Zero Trust is one of the most discussed security paradigms in modern IT — and one of the most misunderstood. If you work on security engineering, cloud architecture, or compliance, you will encounter its vocabulary constantly in documentation, audits, vendor conversations, and architecture reviews.
This guide explains the 30 most important Zero Trust terms in plain English, with pronunciation notes, usage examples, and context to help you use them confidently.
The Core Philosophy
Before the vocabulary, understand the principle. Zero Trust is built on one idea:
“Never trust, always verify.”
The traditional security model assumed that anything inside the corporate network was safe. Zero Trust rejects that assumption entirely. Every request — from every user, device, and service — must be authenticated and authorised, regardless of where it originates.
Foundational Zero Trust Vocabulary
1. Identity-Centric Perimeter
Pronunciation: /aɪˈdentɪti ˈsentrɪk ˈperɪmɪtə/
In traditional security, the perimeter was the network boundary (firewall, VPN). In Zero Trust, the perimeter moves to the identity — the user, device, or service making the request. Access decisions are based on who you are, not where you are.

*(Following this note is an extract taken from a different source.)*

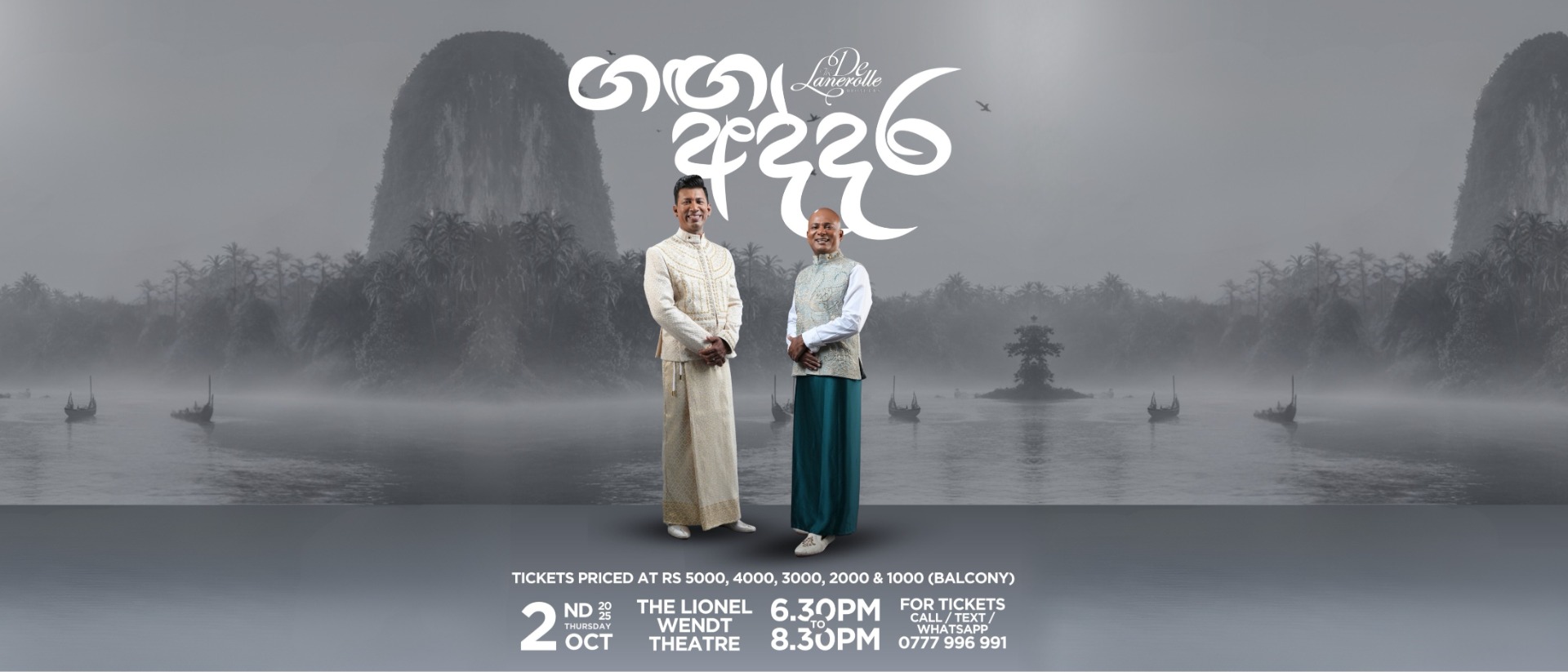 Join the De Lanerolle Brothers for Ganga Addara, an extraordinary evening dedicated to the beauty of Sinhala music. Experience powerful harmonies, timeless classics, and heartfelt performances in one unforgettable night.

Usage: “We’ve shifted from a network-centric to an identity-centric perimeter, which means VPN is no longer our primary control.”
2. Microsegmentation
Pronunciation: /ˌmaɪkrəʊˌseɡmenˈteɪʃən/
Dividing a network into small, isolated segments so that even if an attacker gains access to one segment, they cannot move laterally to others. Think of it as internal firewalls between every workload.
Usage: “Our microsegmentation policy ensures that the payment service can only communicate with the authorisation service — nothing else.”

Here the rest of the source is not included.